NEWS in BRIEF

UNHCR’s Refugee Zakat Fund Exceeds US$38m in FH2019 as Islamic Philanthropic Finance Makes its Mark

Geneva – As another sign of the increasing synergy of Islamic social and philanthropic finance with the wider movement, the UNHCR’s Refugee Zakat Fund beat its US$26 million target for 2019, raising $38.15 million from contributions in the first half of the year alone.

According to the UNHCR, the funds raised from January through June assisted 648,476 internally displaced persons and refugees.

It is now revising up its 2019 target by 69.2 per cent to US$44 million, representing a 271.8 per cent increase from the US$11.87 million its Zakat programme raised in 2018. UNHCR expects the funds to help over 1 million beneficiaries.
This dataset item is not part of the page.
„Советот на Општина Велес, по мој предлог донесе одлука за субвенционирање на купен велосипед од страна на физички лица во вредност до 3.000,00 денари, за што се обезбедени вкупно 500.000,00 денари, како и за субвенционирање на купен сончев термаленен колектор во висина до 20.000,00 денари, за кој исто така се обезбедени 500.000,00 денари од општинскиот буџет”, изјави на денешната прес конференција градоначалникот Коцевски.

Houssam Chahin, UNHCR Head of Private Sector Partnerships in the Middle East and North Africa region, said the funds raised are “a testament of the instrumental role that Islamic philanthropy can play in the humanitarian response to the displacement crisis globally.” 

The UN agency said in August that the Fund will demonstrate the impact it can have by leveraging its expanded footprint in Bangladesh, enhancing its contribution to linking Zakat with refugees via partnerships and thought leadership, and expanding the scope of Islamic philanthropy to include Sadaqah and Waqf.
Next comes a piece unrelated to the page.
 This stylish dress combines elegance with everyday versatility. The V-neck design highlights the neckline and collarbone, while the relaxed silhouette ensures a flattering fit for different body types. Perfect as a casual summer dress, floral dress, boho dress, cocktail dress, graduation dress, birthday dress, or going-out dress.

The donor demography of the Zakat funds, according to UNHCR, shows that 93 per cent, or US$35.5 million, of the US$38.15 million raised up to June 30 came from large and private donors, chiefly from UAE, Saudi Arabia, Qatar, USA and Egypt.
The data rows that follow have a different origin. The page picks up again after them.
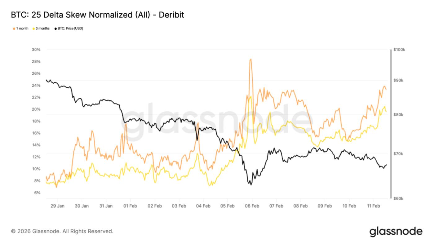 整體波動率上臺階,但錢往哪邊流,要看偏斜度。1 個月和 3 個月的 25 delta 偏斜度,在跌的那幾天直線跳水,全是買 put 的。
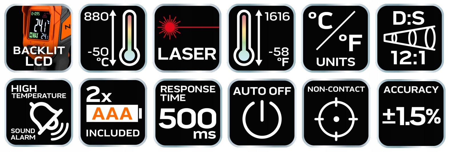 Пірометр, прилад для оцінки температури (C-50~880, F-58~1616) 75-276 компанії NEO — це прилад для безконтактного вимірювання температури поверхні об’єктів з високою точністю, до +/- 1,5% + 1°C в діапазоні від -50 до 880°C.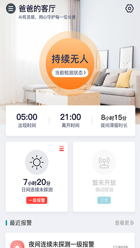 2、智能报警提醒,信息直接发送到看护端app内,让家人便捷查看;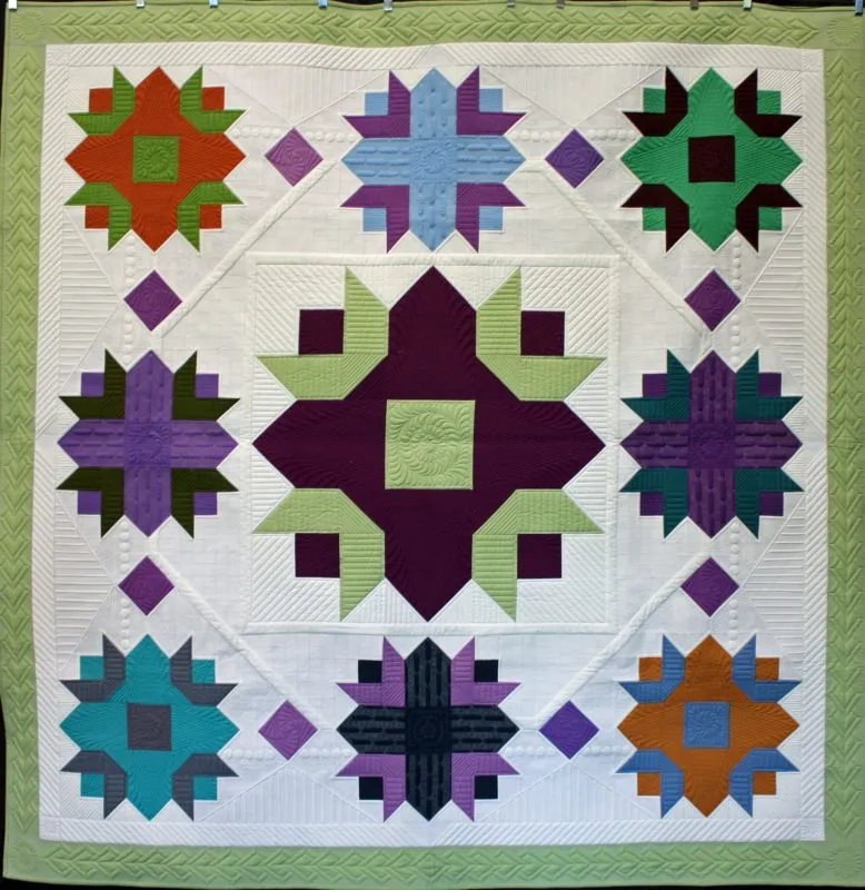 "Jane Come of Age" close-up; pieced and track machine quilted by Cynthia Fuelling. 2nd Place Medium Pieced by One.

$2.6 million was raised online, with $2.2 million received during Ramadan alone.

In the first half of 2019, $15.9 million of the Zakat funds raised were distributed as multi-purpose cash assistance to refugees across Yemen, Lebanon, Iraq, Egypt, Jordan, Mauritania and Bangladesh.

Yemen received the lion’s share of $13.5 million, followed by around $710,930 to Jordan and $603,780 to Lebanon. Around $522,530 was disbursed to benefit around 670,000 Rohingya refugees in Bangladesh, with distribution currently in progress, said UNHCR.

Cypark Ref Berhad Sets Up RM550m Islamic Medium Term Note Programme to lssue Tawarruq Sukuk to Part Finance Solar Photovoltaic Power Plant Projects in Malaysia

Kuala Lumpur – In the ESG/SRI space, Cypark Ref Berhad, a wholly-owned subsidiary of Cypark Resources Berhad has established a RM550 million Islamic Medium Term Notes (IMTN) Programme based on the Sharia’a principle of Murabahah (via a Tawarruq arrangement) under the sustainable and responsible investment (SRI) Sukuk Framework issued by the Securities Commission (SC), which was introduced in 2015 and amended in 2018.

Cypark Ref Berhad has appointed Maybank Investment Bank Berhad as the Principal Adviser, Lead Arranger and Lead Manager for the SRI Sukuk Murabahah Programme and subsequent Sukuk tranches.

The SRI Sukuk Murabahah Programme is to have a tenure of up to 22 years commencing from the date of the first Sukuk issuance.

The utilisation of the proceeds from the issuances under the SRI Sukuk Murabahah Programme, according to Cypark Ref Berhad, shall include, but not be limited to, the following:

  1. To part finance the costs and expenses associated with the design, engineering, procurement, construction and commissioning, ownership, operation and maintenance of 3 x 30MWAC solar photovoltaic power plant projects;

 

  1. To finance the profit payments of the SRI Sukuk Murabahah Programme during the construction period and to pre-fund the initial minimum required balance to be deposited into the Finance Service Reserve Account; and

 

  1. To defray any expenses incurred in relation to the SRI Sukuk Murabahah Programme.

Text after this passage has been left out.